# [Exercise directions]
Keep to one stretch of the data below, the lines from the one with "Amerikan Pit Bull" up to and including the one with "LK OPC (Oil", and return that stretch exactly.

# [Data shown]
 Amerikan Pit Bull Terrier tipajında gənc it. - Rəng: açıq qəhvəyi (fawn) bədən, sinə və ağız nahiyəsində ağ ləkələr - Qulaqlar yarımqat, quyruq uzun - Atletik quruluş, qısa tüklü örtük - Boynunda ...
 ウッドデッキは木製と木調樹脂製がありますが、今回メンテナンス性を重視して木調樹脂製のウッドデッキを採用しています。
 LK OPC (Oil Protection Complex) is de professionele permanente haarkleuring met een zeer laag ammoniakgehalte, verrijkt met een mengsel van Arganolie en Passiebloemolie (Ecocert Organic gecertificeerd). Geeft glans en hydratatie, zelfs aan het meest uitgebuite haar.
--
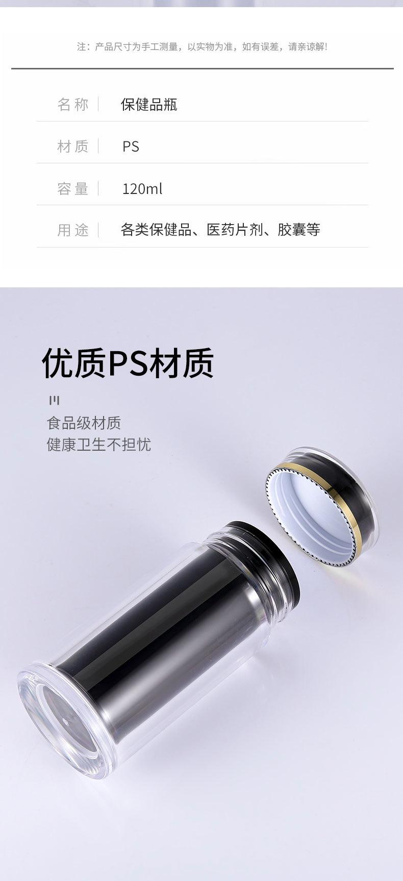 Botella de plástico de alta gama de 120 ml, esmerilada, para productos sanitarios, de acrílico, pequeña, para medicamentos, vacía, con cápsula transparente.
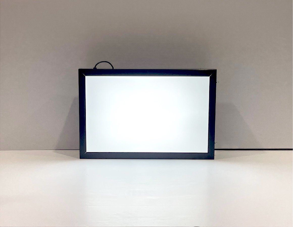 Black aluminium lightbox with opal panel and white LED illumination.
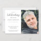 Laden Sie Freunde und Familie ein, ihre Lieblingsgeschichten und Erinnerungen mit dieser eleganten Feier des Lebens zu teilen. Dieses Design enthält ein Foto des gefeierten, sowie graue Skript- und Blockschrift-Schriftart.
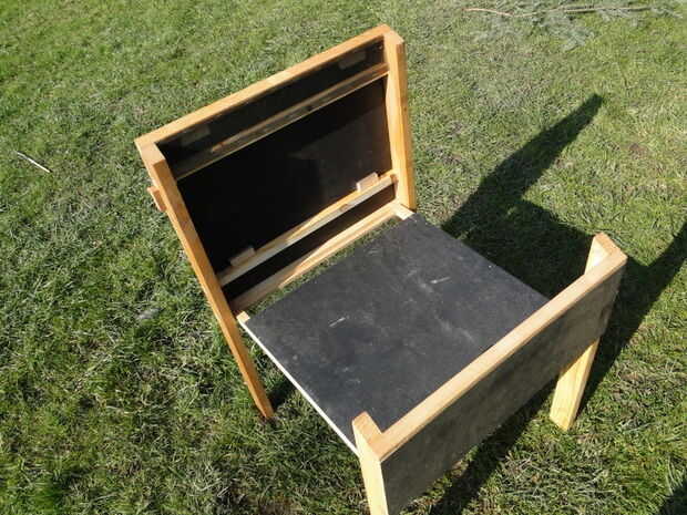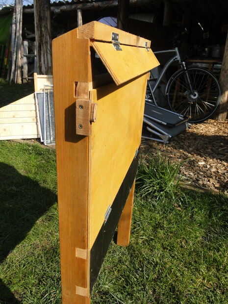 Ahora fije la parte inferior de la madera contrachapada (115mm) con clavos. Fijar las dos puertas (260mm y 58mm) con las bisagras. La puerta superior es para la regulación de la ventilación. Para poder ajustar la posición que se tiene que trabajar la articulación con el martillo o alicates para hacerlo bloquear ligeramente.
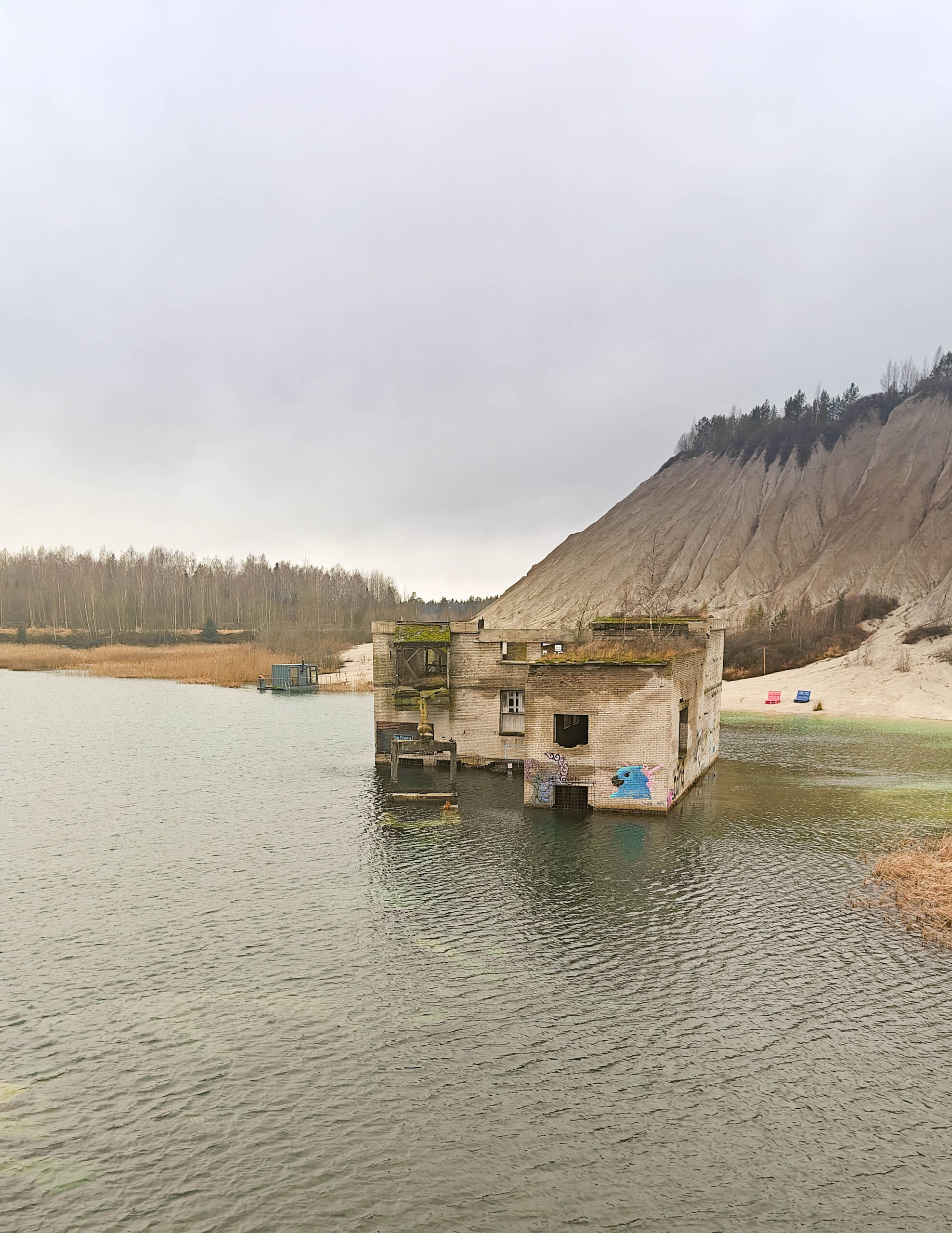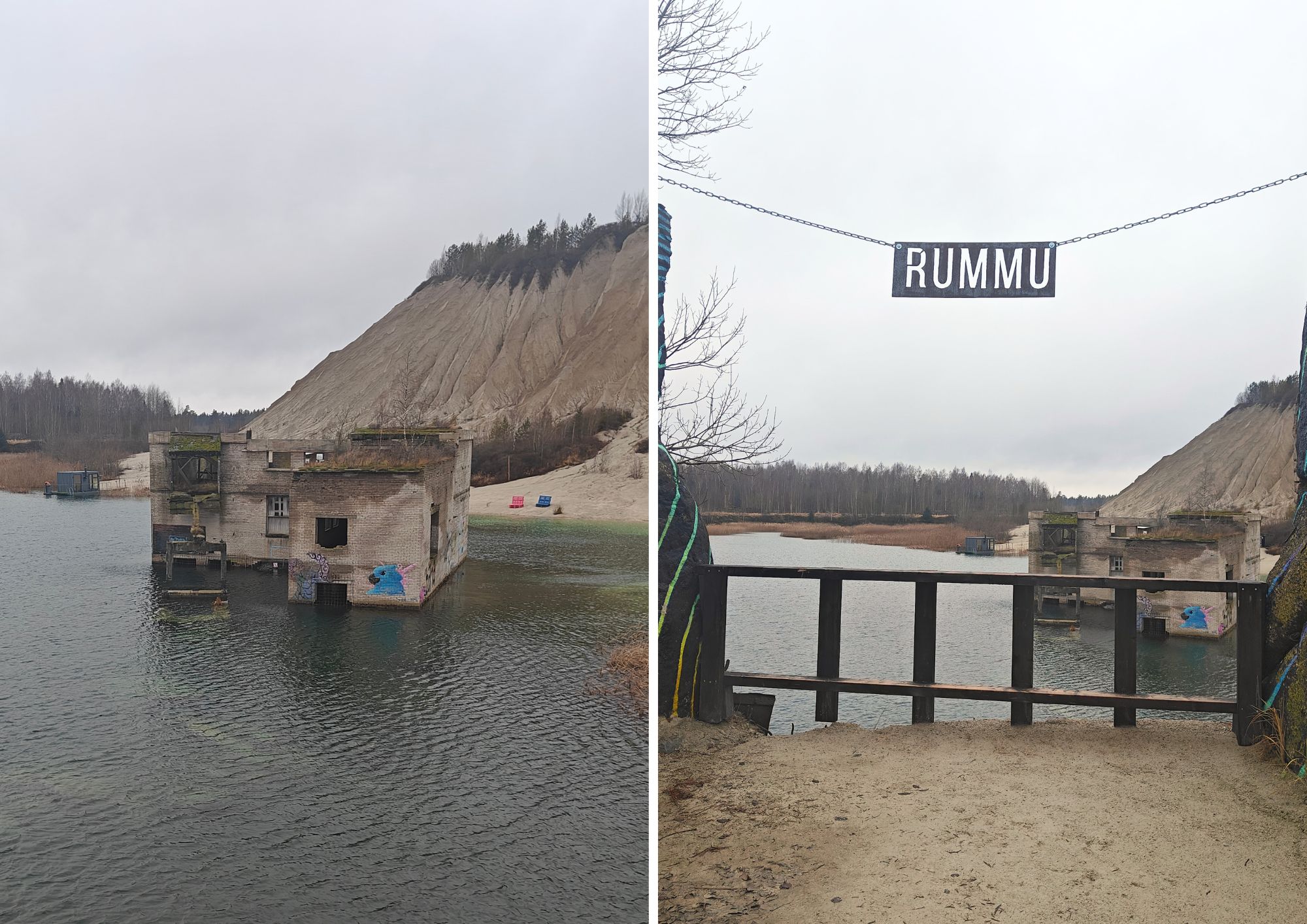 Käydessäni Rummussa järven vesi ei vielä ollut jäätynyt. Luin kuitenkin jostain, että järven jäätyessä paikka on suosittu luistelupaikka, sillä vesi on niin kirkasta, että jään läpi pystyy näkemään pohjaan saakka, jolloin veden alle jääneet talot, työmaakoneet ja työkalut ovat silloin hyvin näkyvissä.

# [Answer box]
 Amerikan Pit Bull Terrier tipajında gənc it. - Rəng: açıq qəhvəyi (fawn) bədən, sinə və ağız nahiyəsində ağ ləkələr - Qulaqlar yarımqat, quyruq uzun - Atletik quruluş, qısa tüklü örtük - Boynunda ...
 ウッドデッキは木製と木調樹脂製がありますが、今回メンテナンス性を重視して木調樹脂製のウッドデッキを採用しています。
 LK OPC (Oil Protection Complex) is de professionele permanente haarkleuring met een zeer laag ammoniakgehalte, verrijkt met een mengsel van Arganolie en Passiebloemolie (Ecocert Organic gecertificeerd). Geeft glans en hydratatie, zelfs aan het meest uitgebuite haar.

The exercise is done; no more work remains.